In Aristotelean logic, categories are replaced with capital letters. Every sentence of an argument is then represented as having one of four forms, which medieval logicians labeled in this way: (A) All \(A\)s are \(B\)s. (E) No \(A\)s are \(B\)s. (I) Some \(A\) is \(B\). (O) Some \(A\) is not \(B\).

It is then possible to describe valid syllogisms, three-line arguments like the two we considered above. Medieval logicians gave mnemonic names to all of the valid argument forms. The form of our two arguments, for instance, was called Barbara. The vowels in the name, all As, represent the fact that the two premises and the conclusion are all (A) form sentences.

There are many limitations to Aristotelean logic. One is that it makes no distinction between kinds and individuals. So the first premise might just as well be written ‘All \(S\)s are \(M\)s’: All Socrateses are men. Despite its historical importance, Aristotelean logic has been superceded. The remainder of this book will develop two formal languages.

The first is SL, which stands for sentential logic. In SL, the smallest units are sentences themselves. Simple sentences are represented as letters and connected with logical connectives like ‘and’ and ‘not’ to make more complex sentences.

The second is QL, which stands for quantified logic. In QL, the basic units are objects, properties of objects, and relations between objects.
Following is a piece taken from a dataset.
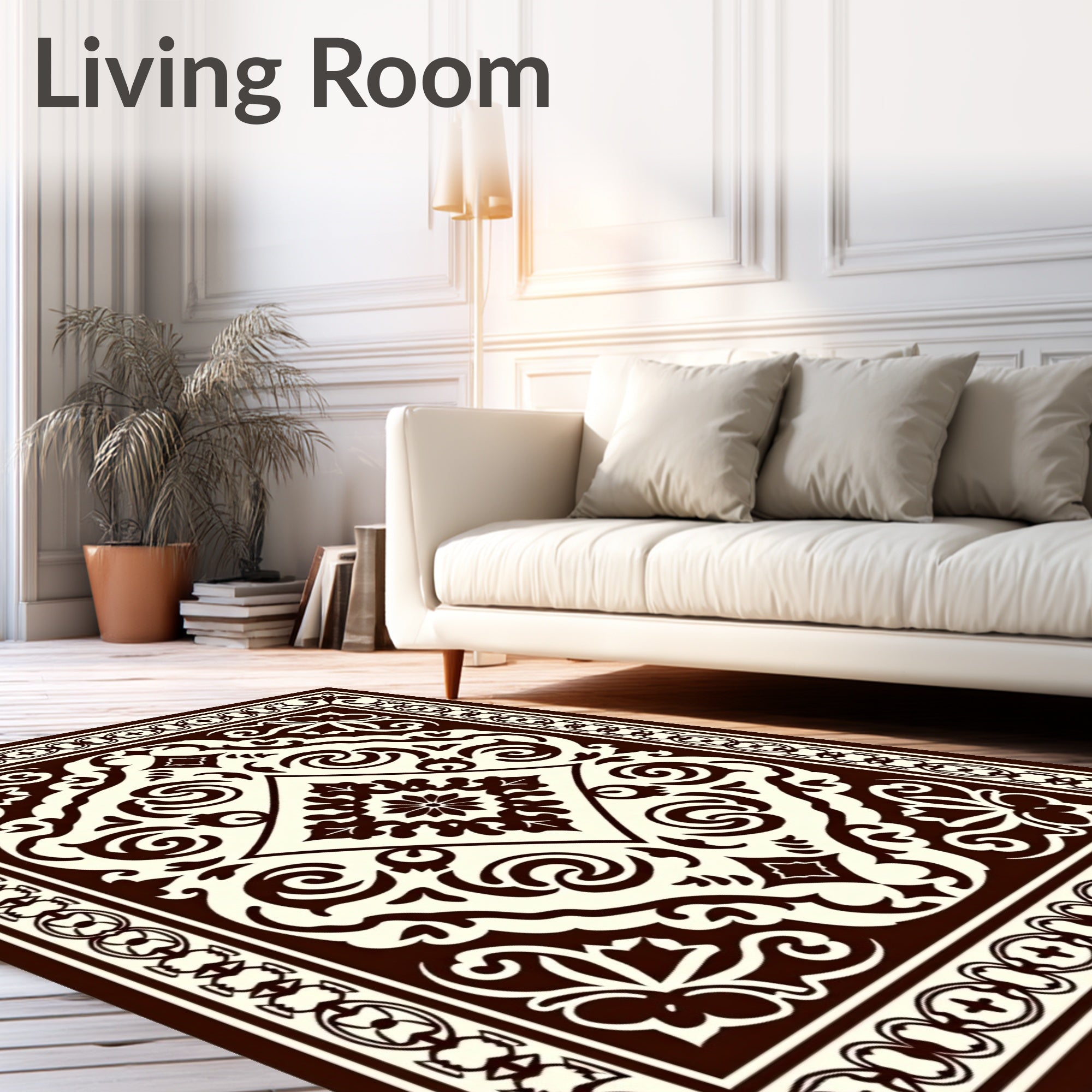 Flatwoven High Traffic Area Rug, Ornate Scrollwork Floral Embellished Mosaic Grandeur, Non Slip, Stain Resistant, Washable Area Rugs for Living Room, Bedroom (Brown) Overview:

When we translate an argument into a formal language, we hope to make its logical structure clearer. We want to include enough of the structure of the English language argument so that we can judge whether the argument is valid or invalid. If we included every feature of the English language, all of the subtlety and nuance, then there would be no advantage in translating to a formal language. We might as well think about the argument in English.

At the same time, we would like a formal language that allows us to represent many kinds of English language arguments. This is one reason to prefer QL to Aristotelean logic; QL can represent every valid argument of Aristotelean logic and more.

So when deciding on a formal language, there is inevitably a tension between wanting to capture as much structure as possible and wanting a simple formal language— simpler formal languages leave out more. This means that there is no perfect formal language. Some will do a better job than others in translating particular English-language arguments.

In this book, we make the assumption that true and false are the only possible truth-values. Logical languages that make this assumption are called bivalent, which means two-valued. Aristotelean logic, SL, and QL are all bivalent, but there are limits to the power of bivalent logic. For instance, some philosophers have claimed that the future is not yet determined. If they are right, then sentences about what will be the case are not yet true or false. Some formal languages accommodate this by allowing for sentences that are neither true nor false, but something in between. Other formal languages, so-called paraconsistent logics, allow for sentences that are both true and false.

The languages presented in this book are not the only possible formal languages. However, most nonstandard logics extend on the basic formal structure of the bivalent logics discussed in this book. So this is a good place to start.

Summary of logical notions

~An argument is (deductively) valid if it is impossible for the premises to be true and the conclusion false; it is invalid otherwise.
~A tautology is a sentence that must be true, as a matter of logic.
~A contradiction is a sentence that must be false, as a matter of logic.
~A contingent sentence is neither a tautology nor a contradiction.
~Two sentences are logically equivalent if they necessarily have the same truth value.
~A set of sentences is consistent if it is logically possible for all the members of the set to be true at the same time; it is inconsistent otherwise.